Die Theorie war klar, aber war das überhaupt lebbar? Und vor allem: mit wem?
Die Entscheidung war jedenfalls gefallen. Und weil ich mich entschieden hatte, gab es auch nichts mehr zu suchen. Denn zuvor war es gerade die Suche gewesen, die mich nie mit dem zufrieden sein ließ, was ich hatte. Ich wollte nicht mehr suchen. Ich war bereit, alles einfach nur zuzulassen.
In diesem Moment beschenkte mich das Schicksal mit der größten Lehre, die man sich vorstellen kann.
Ich, der zum Einsiedler geworden war, wurde von den Kollegen überredet, wenigstens einmal nach der Vorstellung mit zum Abendessen zu gehen. Nicht wirklich redselig ließ ich mich mitschleifen, lernte neue Menschen kennen, redete über Dinge, die ich noch nie mitgeteilt hatte, stellte verwundert fest, dass dies meine Gesprächspartner berührte und verschwand wieder in meine Zurückgezogenheit.
Drei Wochen später läutete das Telefon. Es war eine Frau, der ich an diesem Abend meine Nummer gegeben hatte. Ich konnte mich daran erinnern, wusste aber nicht mehr genau, wie sie aussah. Doch, sie war blond, schlank und hatte eine große, dicke Brille.
Wir telefonierten also und plötzlich waren daraus vier Stunden geworden. Ich musste ins Theater. Am nächsten Tag sprachen wir erneut, diesmal sieben Stunden. Und da sich jeder von uns sicher war, dass wir uns nie begegnen würden, erzählten wir einander alles, gaben Geheimnisse preis, die man seltsamerweise nur Unbekannten erzählt.
Es war wunderbar. In dieser Offenheit gab es eine Tiefe und Vertrautheit, die ich bis dahin nicht kannte. Zwei Seelen tauschten sich aus, trotz aller Ferne so nah und ohne all die gewohnten Schutzmäntel, in berührender Ehrlichkeit.

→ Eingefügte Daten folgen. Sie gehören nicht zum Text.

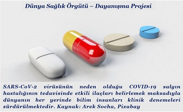 Dünya Sağlık Örgütü, SOLIDARITY – DAYANIŞMA adlı küresel bir klinik denemenin düğmesine basmıştır. Bu klinik deneme ile hedeflenen; salgın haline gelen çok tehlikeli COVID-19 solunum sistem hastalığı hakkındaki verileri toplamak, hastaların hayatlarını kurtarmak ve aşırı bir yük altında ezilen sağlık sistemini rahatlatmaktır. Hastalığa karşı koordineli ve kolektif bir şekilde karşı koymayı hedefleyen bu projeye düzinelerce ülkeden binlerce hasta ve hastanenin katılması beklenmektedir. Proje kapsamında; geçmişte lisans alan ve diğer hastalıkların tedavisinde kullanılmakta olan dört adet ilaç veya ilaç bileşimi kullanılacaktır ve bu klinik denemeye 10 ülke katılacağını açıklamıştır.

Und bereits nach der dritten Nacht, nach weiteren sieben Stunden, als es langsam hell wurde, fühlten wir uns so nah und verbunden, dass wir beschlossen, einen gemeinsamen Urlaub zu verbringen. Einen Liebesurlaub auf einer kleinen Insel. Da wir uns nicht sehen konnten, ich spielte jeden Abend in Berlin Theater und sie in Bonn, blieb es beim Telefonieren. Am nächsten Tag, nach einer weiteren intensiven Nacht mit ihr am Telefon, beschlossen wir – da wir uns so gut verstanden – nach Beendigung unserer Engagements zusammenzuziehen. Sie kündigte ihren Job und ihre Wohnung. Sie war zu wahrer Hingabe fähig. In sechs Wochen wollten wir in München eine gemeinsame Wohnung beziehen.
Am nächsten Tag gingen wir noch einen Schritt weiter. Wir wollten unser Geld zusammenwerfen. Und nach einer weiteren Nacht beschlossen wir zu heiraten und Kinder zu kriegen.
Die wenigen, denen ich davon erzählte, hielten mich für vollständig verrückt. Aber war ich das wirklich?
In meinen Augen war das scheinbare Risiko überhaupt nicht vorhanden. Würde ich dieser Tiefe und Nähe, die ich mit dieser Frau empfand, keine Chance geben, würde ich mein ganzes Leben damit verbringen, mir vorzuwerfen, meine wahre, große Liebe nicht gelebt zu haben.
»Aber was ist, wenn ihr euch nicht riechen könnt? Wenn ihr körperlich nicht zusammenpasst?«
Dann würden wir Freunde werden. Denn seelisch bestand ein tiefes, untrennbares Band. Die beste Voraussetzung für bedingungslose Liebe.
Normalerweise war ich den umgekehrten Weg gegangen. Ich hatte mich körperlich mit einer Frau verbunden und erst dann genauer betrachtet, ob sie überhaupt zu mir passt.
Das Schicksal hatte mich lustigerweise diesmal gezwungen vollkommen anders vorzugehen. Erst nachdem das seelische Band geknüpft war, erst nachdem klare Entscheidungen gefällt worden waren, sollte es zu der körperlichen Vereinigung kommen. Als Krönung für zwei Menschen, die zueinander gefunden haben.
Aber noch hieß es zu warten.
Sechs Wochen, bis man sich endlich sehen kann, sechs Wochen ständiger Telefonate, tiefer Gespräche, des Austauschs von Gefühlen und Sehnsüchten und natürlich der Angst, der andere könnte doch noch einen Rückzieher machen.
Ich hatte die größte Chance das zu leben, wonach ich mich so sehnte: Liebe zu geben ohne Bedingungen, ohne einen Handel daraus zu machen, ohne Geheimnisse, alles zuzulassen. Ich war authentisch und dieses Gefühl befreite unendlich.
Nach sechs Wochen kam der große Moment. Ich mietete einen LKW und fuhr nach Bremen, wo sie wohnte, um sie abzuholen.